• İSTANBUL
  • İMSAK
    00:00
    GÜNEŞ
    00:00
    ÖĞLE
    00:00
    İKİNDİ
    00:00
    AKŞAM
    00:00
    YATSI
    00:00
  • 0.0
  • 0.0
  • 0.0

O şimdi Cumhurbaşkanı

Yeniakit Publisher
2015-01-28 08:05:00 - 2015-01-27 23:35:30
O şimdi Cumhurbaşkanı

28 Şubat sürecinde kartel medyasının takındığı tavrı eleştiren Erdoğan, “Muhtar bile olamaz’ diyerek hem şahsımla hem de bütün muhtar kardeşlerimle güya alay ediyorlardı ama bu millet işte kardeşinizi milletvekili seçti, başbakan yaptı, ardından da Türkiye Cumhuriyeti’nin halk oyuyla seçilmiş ilk cumhurbaşkanlığı makamına yükseltti. Millet tarafından seçilmiş olmak, bu dünyada ulaşılabilecek payelerin en büyüklerinden, en yükseklerinden biridir” dedi.

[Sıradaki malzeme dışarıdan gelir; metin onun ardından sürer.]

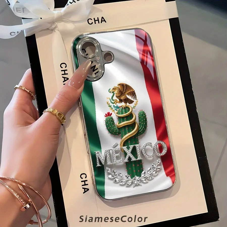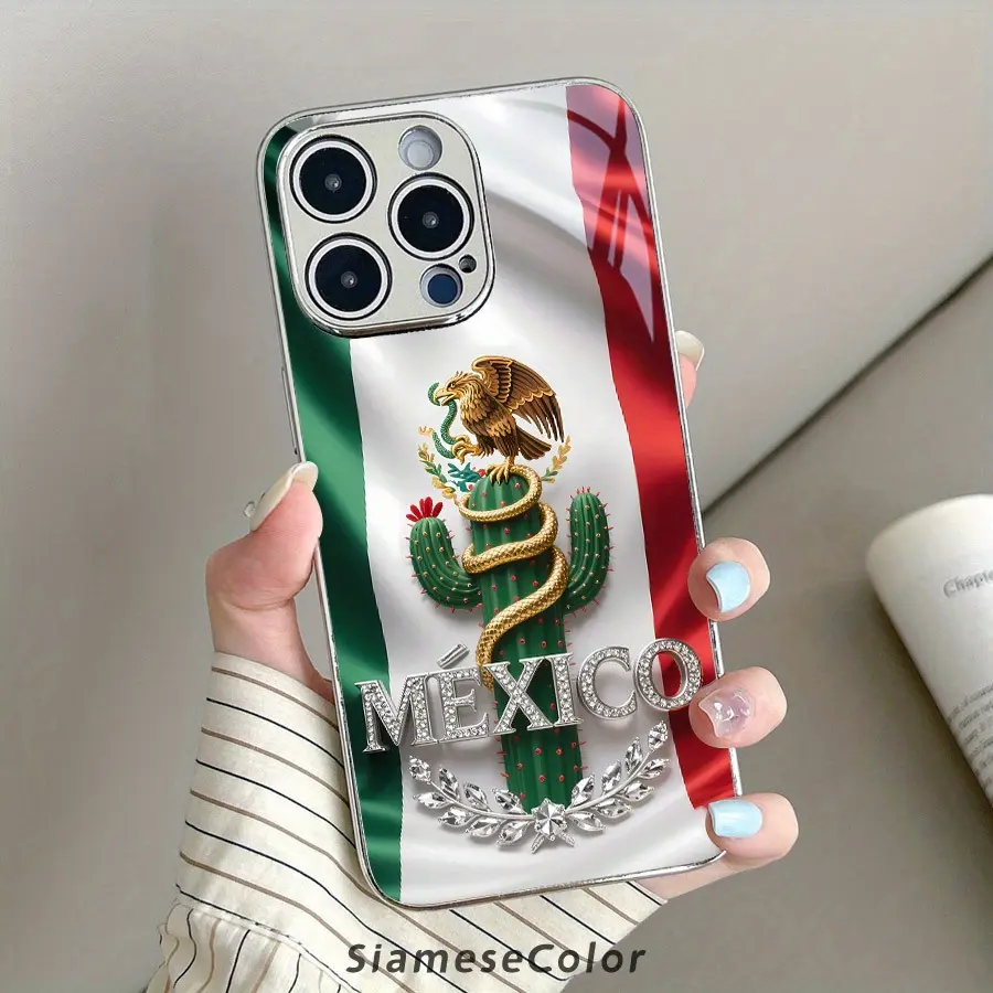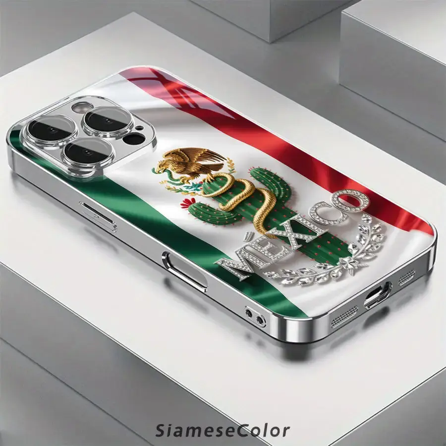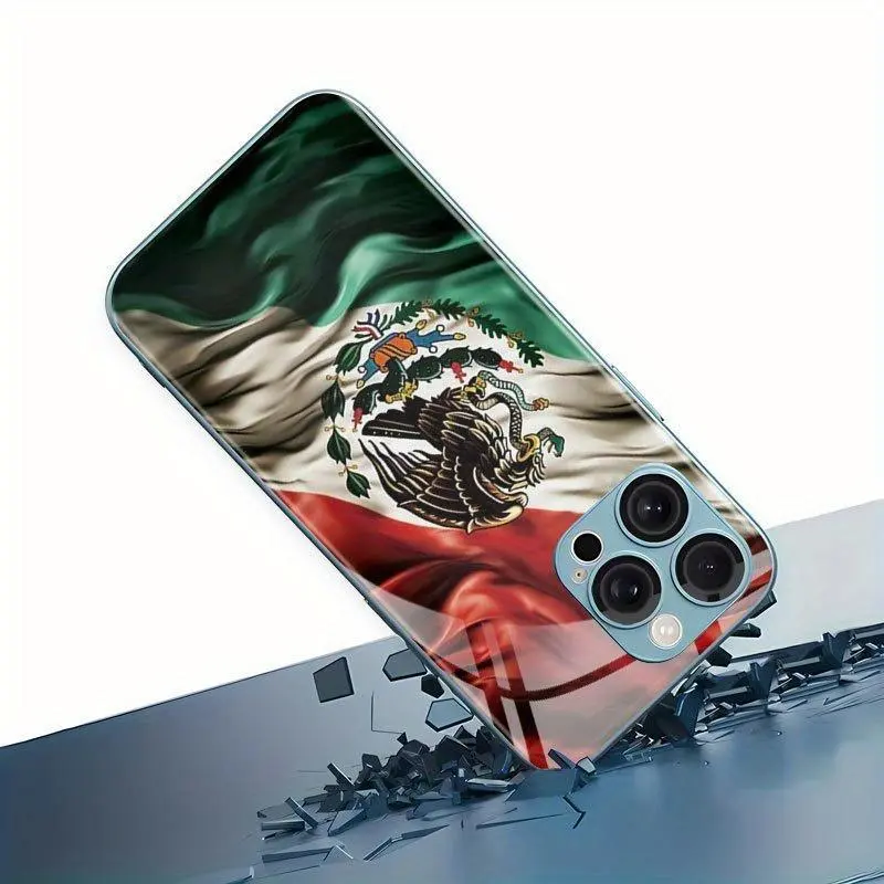 Exquisite 2D Pattern Mexican Flag Diamond Badge Glass Phone Case, Suitable for iPhone 17 16, 15, 14, 13, 12, 11 Plus Pro Max

YENİ AKİT / ANKARA - Cumhurbaşkanlığı Sarayı’nda 406 muhtara hitap eden Cumhurbaşkanı Recep Tayyip Erdoğan, milletin seçtiklerine hiçbir zaman değer verilmediğini belirterek, yakın siyasi tarihimizde milletin seçtiği muhtar da olsa belediye başkanı da olsa başbakan da olsa her zaman kibir ile onların ezilmek istendiğini söyledi. Erdoğan konuşmasında milletin iradesine sahip çıktığını belirterek, “Milletimiz, seçimine sandığına sahip çıktı ve kendi tercihlerinin o elitlerinin kibrinden daha üstün olduğunu her fırsatta gösterdi” şeklinde konuştu.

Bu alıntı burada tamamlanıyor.